This is a form of optical illusion where the UV coordinates used to sample a texture are adjusted based on the angle between a surface and the camera.
It’s generally quite a cheap calculation in terms of performance. Unfortunately, it also has its limitations, creating strange artefacts at certain angles or if the strength is too high. While artists can manipulate the strength of heightmaps, a better solution may be needed.
Tessellation is a bit complicated. But in oversimplified terms, it is the equivalent of subdividing a surface and repositioning vertices along their normal axis using data inside of a height map to create geometric depth.
Due to its higher performance cost, it’s often used sparingly in video games.

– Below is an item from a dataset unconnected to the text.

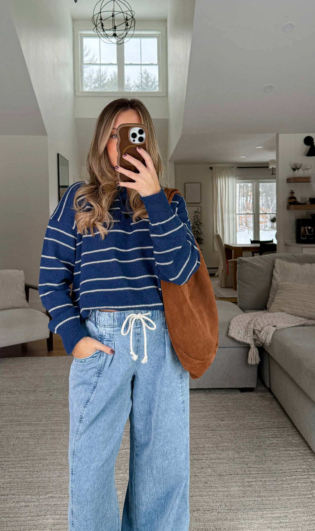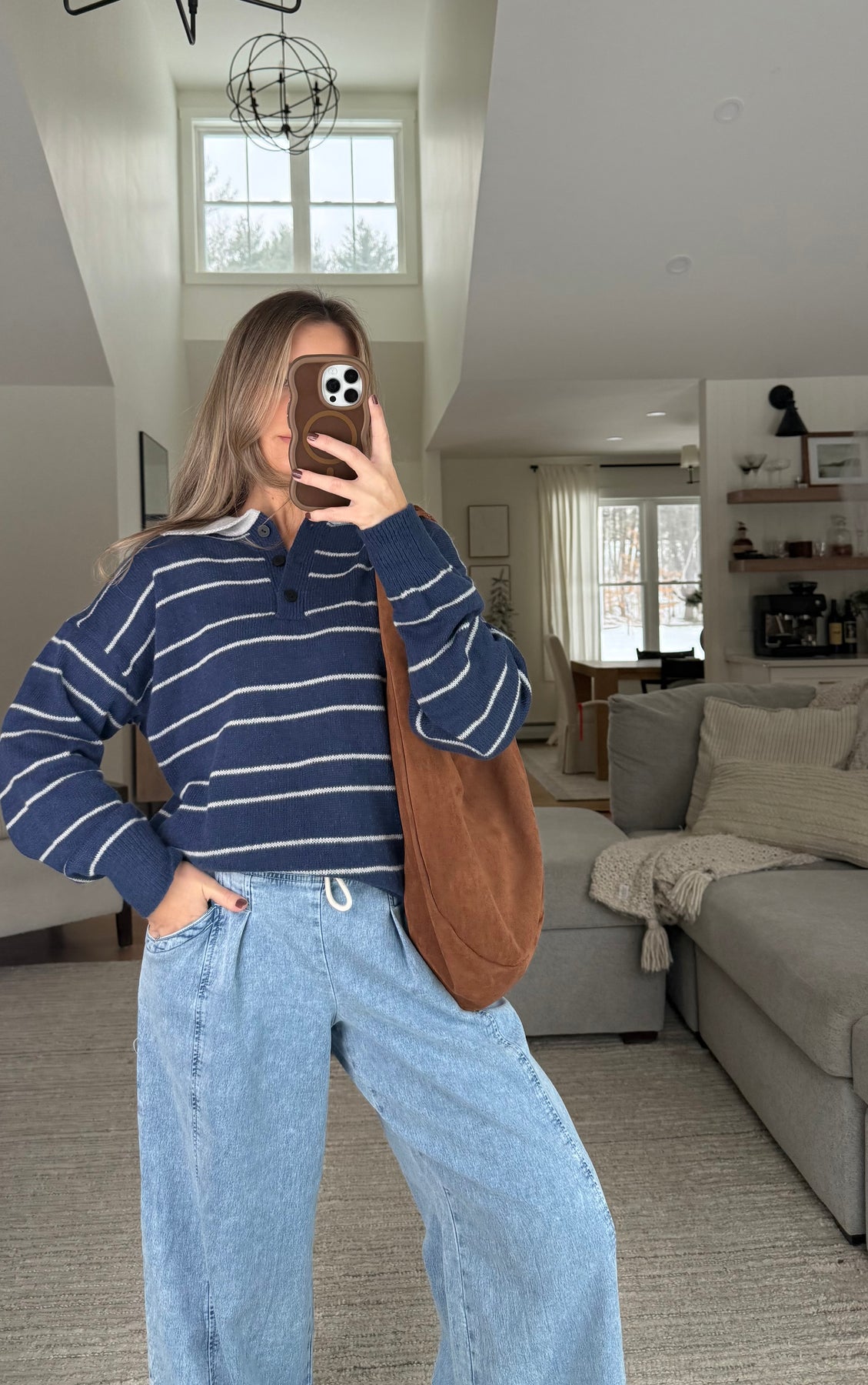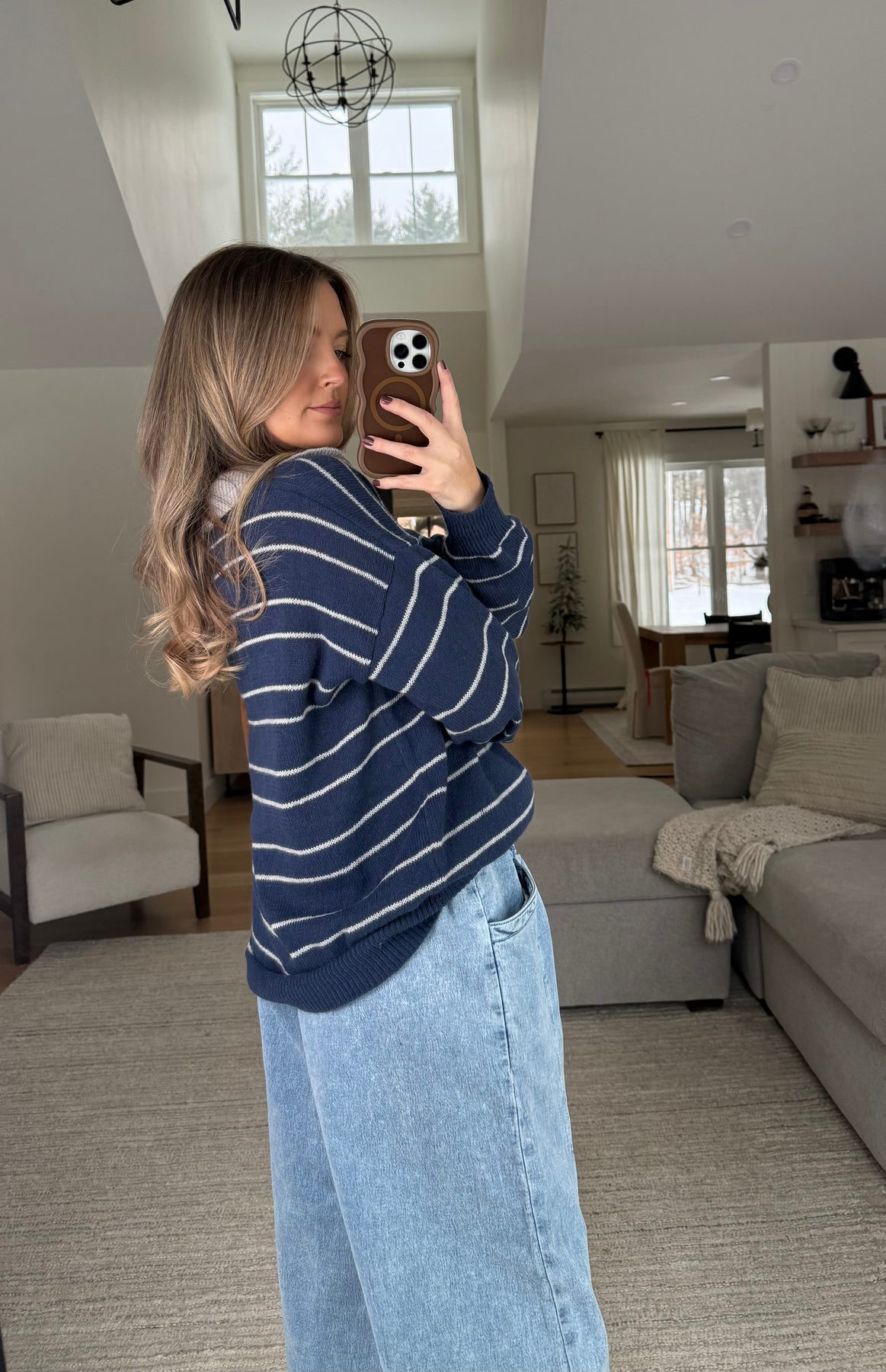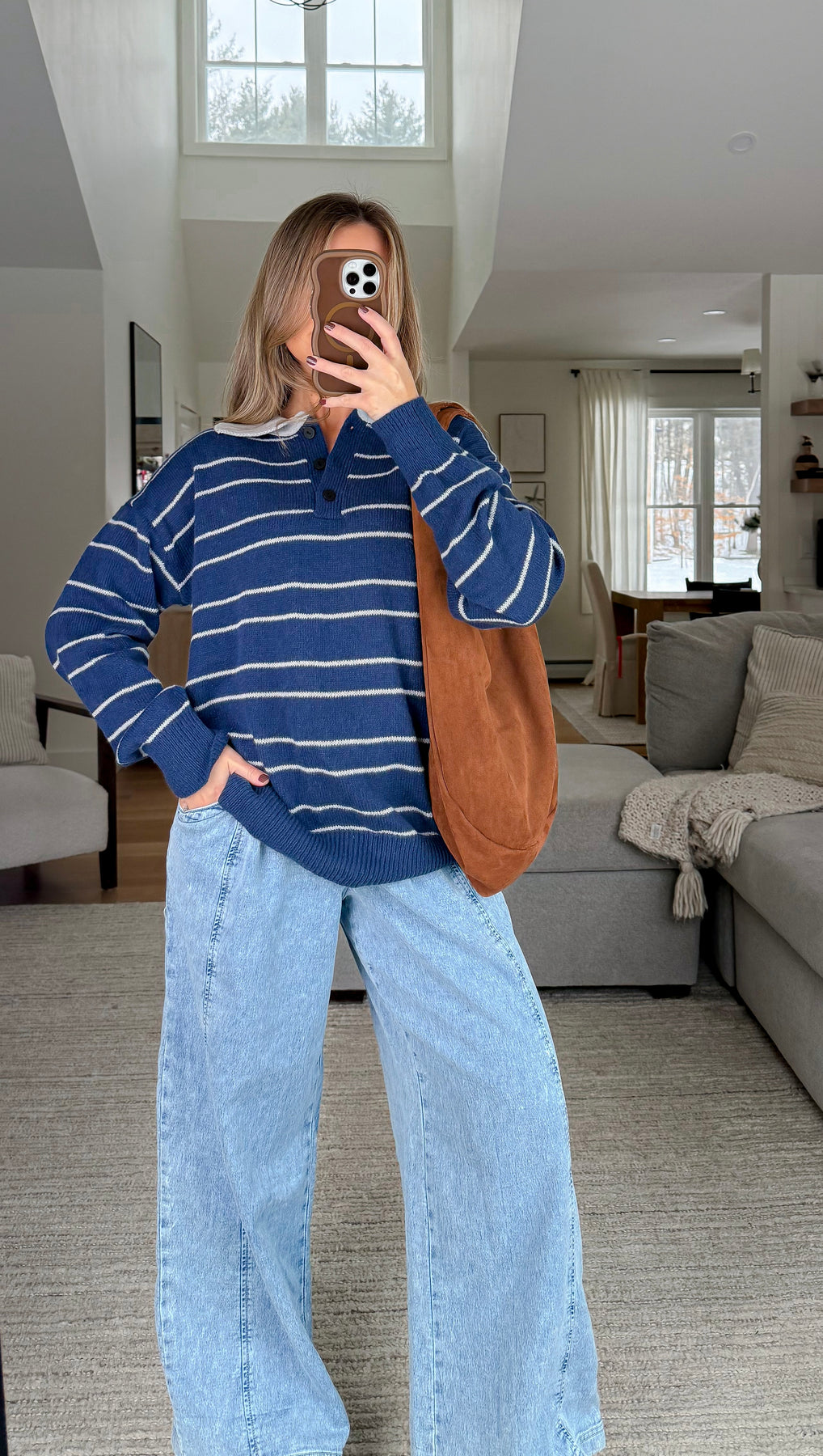 Oversized striped lightweight knit with collar neckline and henley style button front detail

But for the purposes of rendering a preview inside of Bright Life, the longer render time is insignificant, especially since it’s far more accurate than Parallax Occlusion with none of the unwanted artefacts.
Just like how artists can control the strength of a height map, the other PBR textures can also be modified. Various settings are in place to adjust each material to create a wider range of unique results. But in addition to material rendering, I added a basic directional light source.
Settings for the directional light, such as strength and colour, can be adjusted. And by holding down the shift key while left-clicking and dragging, the angle can also be changed. It’s a fairly basic setup. But, it allows artists to recreate a closer replication of the lighting environment within their games to generate a more accurate preview.
While the lighting is also based on approximated simulations of physical light, the final rendered result still looks a bit like clay.
The cause of this is the absence of subsurface scattering. Every type of surface absorbs and scatters a certain level of light. In video games, having this detail is essential for photorealistic skin. But the same applies to plants, especially leaves.
For artists planning to make phosphorescent plants such as glow-in-the-dark mushrooms, adding a physically-based bloom effect will take the rendered preview to the next level. Therefore, just like tessellation, physically-based subsurface scattering and bloom will be introduced later down the line.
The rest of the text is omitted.